*Work task*. Copy out exactly the lines spanning the line with "Mahasiswa Unud Timothy" to the line with "Año 5. Número", inclusive, from the data underneath, with no pictures.

[[ Information given open ]]

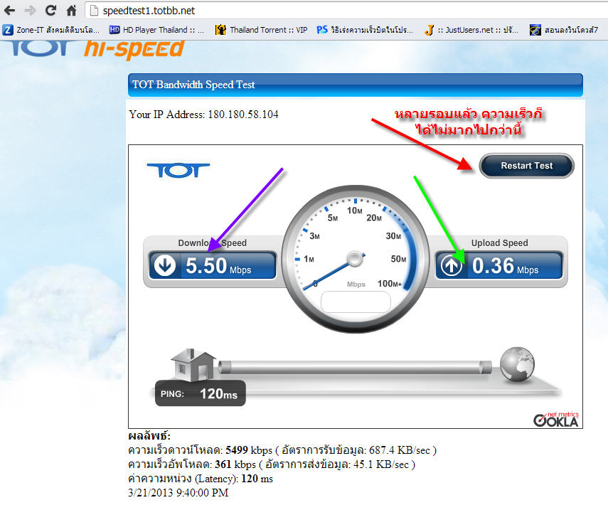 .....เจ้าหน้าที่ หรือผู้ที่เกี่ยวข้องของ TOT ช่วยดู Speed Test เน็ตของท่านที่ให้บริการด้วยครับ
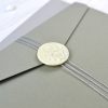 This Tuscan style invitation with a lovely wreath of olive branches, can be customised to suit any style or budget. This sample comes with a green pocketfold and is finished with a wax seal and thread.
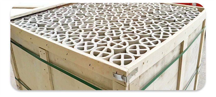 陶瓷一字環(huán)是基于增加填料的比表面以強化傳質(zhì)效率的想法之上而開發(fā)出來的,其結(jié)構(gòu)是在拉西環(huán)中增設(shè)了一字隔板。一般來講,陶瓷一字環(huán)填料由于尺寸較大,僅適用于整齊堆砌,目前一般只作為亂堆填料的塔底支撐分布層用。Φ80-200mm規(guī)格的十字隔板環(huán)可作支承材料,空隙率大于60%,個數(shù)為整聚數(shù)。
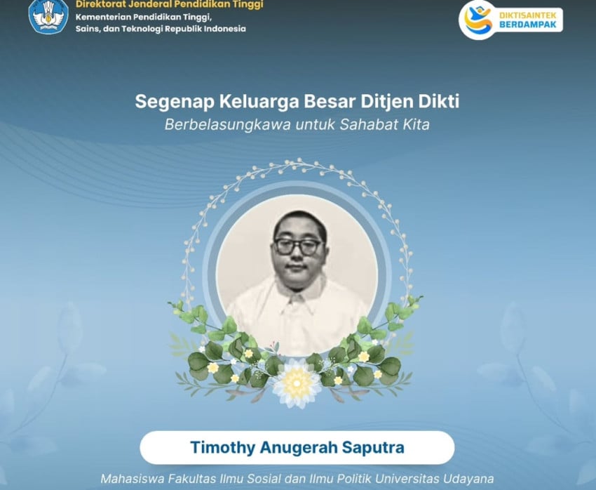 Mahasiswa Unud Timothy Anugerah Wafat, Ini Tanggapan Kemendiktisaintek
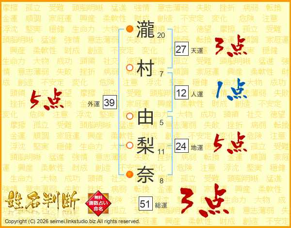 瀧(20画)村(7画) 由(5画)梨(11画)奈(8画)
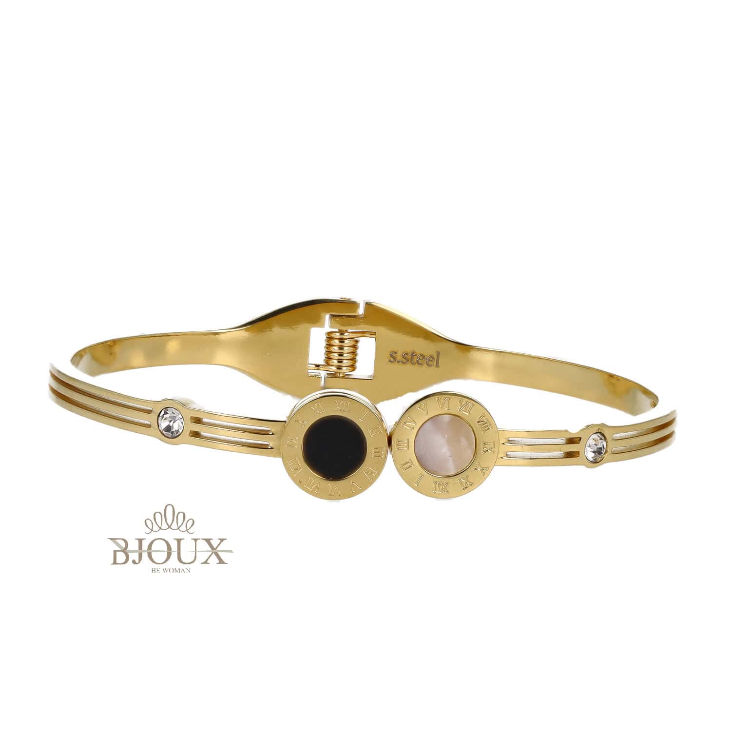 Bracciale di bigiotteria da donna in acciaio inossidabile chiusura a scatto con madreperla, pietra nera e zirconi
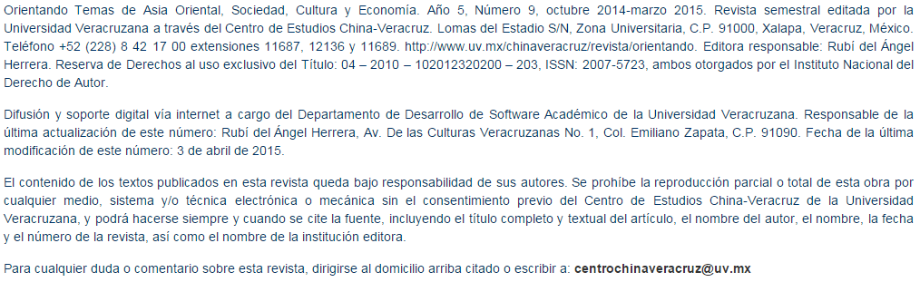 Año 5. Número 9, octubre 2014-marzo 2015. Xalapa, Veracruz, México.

[[ Information given closed ]]
[[ Information given open ]]

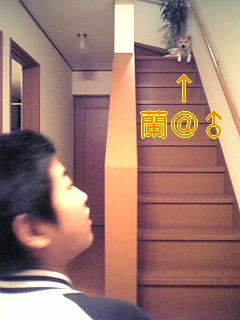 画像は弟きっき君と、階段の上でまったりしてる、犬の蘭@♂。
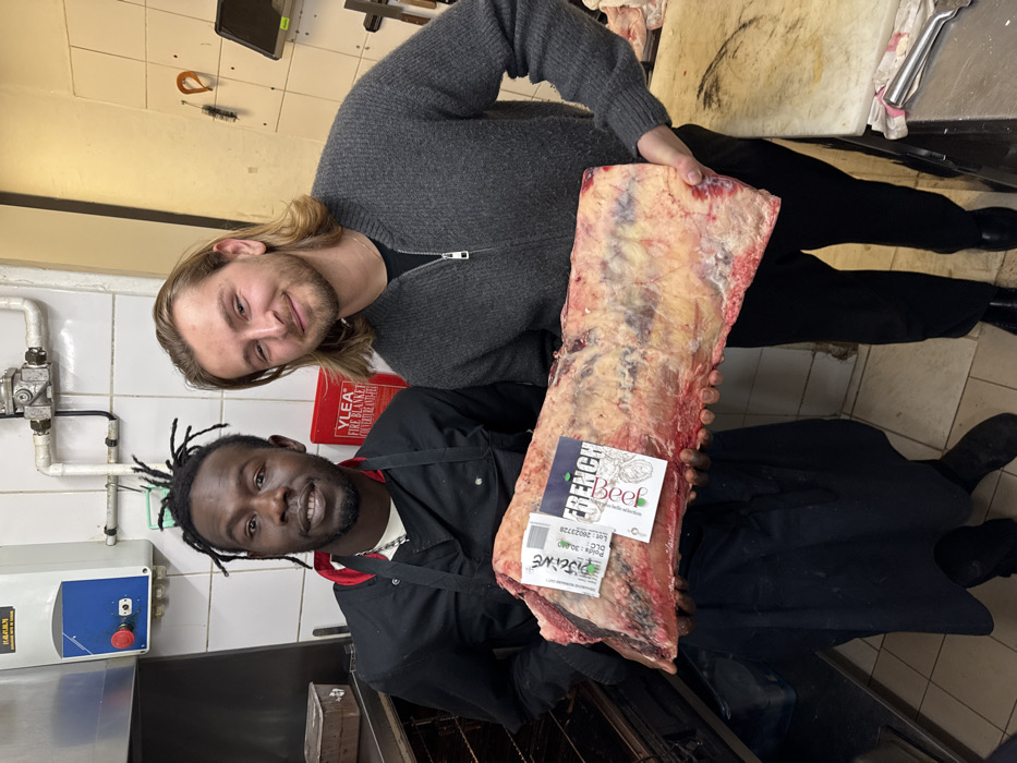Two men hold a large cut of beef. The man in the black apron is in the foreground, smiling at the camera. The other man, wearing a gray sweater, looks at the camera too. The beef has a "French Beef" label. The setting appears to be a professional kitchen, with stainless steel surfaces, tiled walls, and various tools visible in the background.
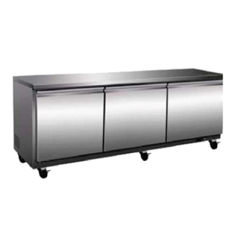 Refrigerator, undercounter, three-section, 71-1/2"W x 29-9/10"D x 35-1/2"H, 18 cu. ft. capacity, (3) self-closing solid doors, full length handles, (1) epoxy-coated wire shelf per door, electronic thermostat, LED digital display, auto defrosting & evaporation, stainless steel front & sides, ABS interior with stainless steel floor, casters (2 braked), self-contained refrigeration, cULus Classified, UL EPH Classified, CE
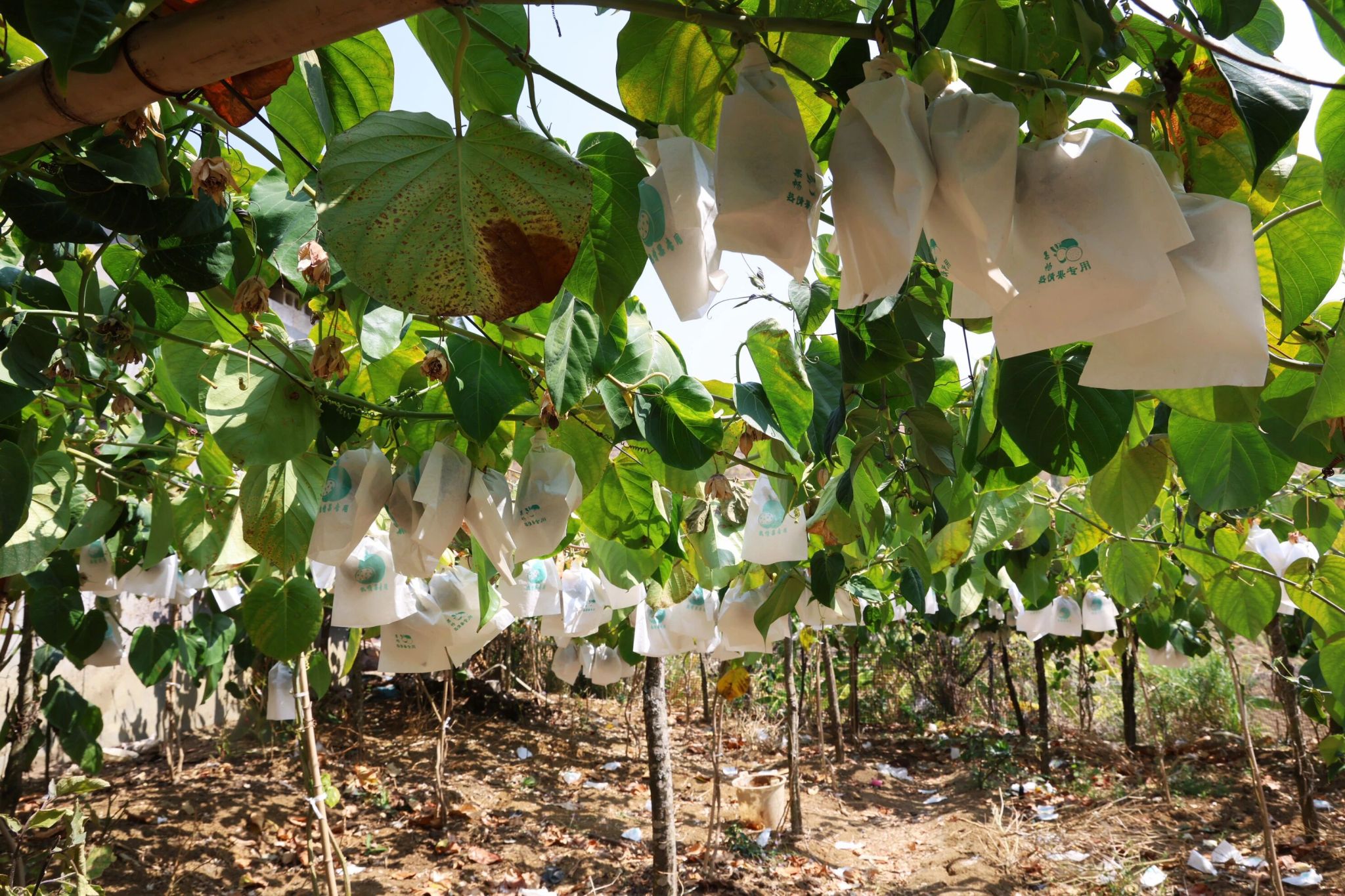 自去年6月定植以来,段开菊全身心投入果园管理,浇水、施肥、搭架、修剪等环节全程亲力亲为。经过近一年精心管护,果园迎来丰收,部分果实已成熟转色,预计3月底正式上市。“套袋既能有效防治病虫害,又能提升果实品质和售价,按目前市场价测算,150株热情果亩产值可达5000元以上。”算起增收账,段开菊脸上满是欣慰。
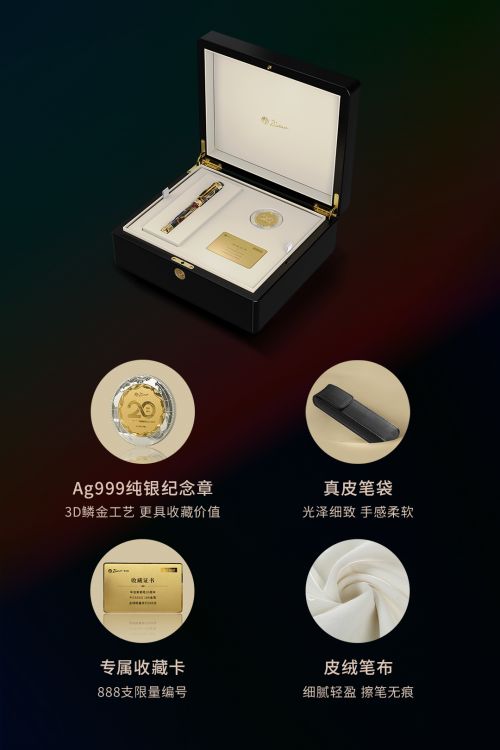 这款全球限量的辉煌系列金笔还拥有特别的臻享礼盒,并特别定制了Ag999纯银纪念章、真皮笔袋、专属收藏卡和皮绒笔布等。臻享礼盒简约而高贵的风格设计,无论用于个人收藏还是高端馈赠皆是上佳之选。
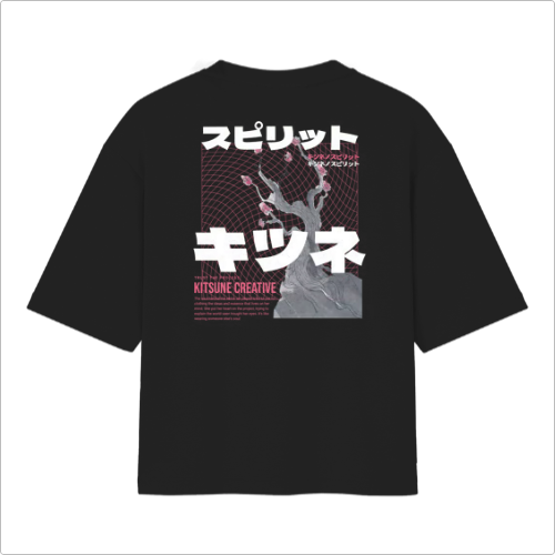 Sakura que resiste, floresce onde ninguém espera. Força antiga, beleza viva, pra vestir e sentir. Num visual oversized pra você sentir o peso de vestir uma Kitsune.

[[ Information given closed ]]
[[ Information given open ]]

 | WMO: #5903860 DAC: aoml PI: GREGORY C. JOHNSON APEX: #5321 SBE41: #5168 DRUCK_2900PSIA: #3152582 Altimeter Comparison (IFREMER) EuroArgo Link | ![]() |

[[ Information given closed ]]

*Reply to the exercise*.
 Mahasiswa Unud Timothy Anugerah Wafat, Ini Tanggapan Kemendiktisaintek
 瀧(20画)村(7画) 由(5画)梨(11画)奈(8画)
 Bracciale di bigiotteria da donna in acciaio inossidabile chiusura a scatto con madreperla, pietra nera e zirconi
 Año 5. Número 9, octubre 2014-marzo 2015. Xalapa, Veracruz, México.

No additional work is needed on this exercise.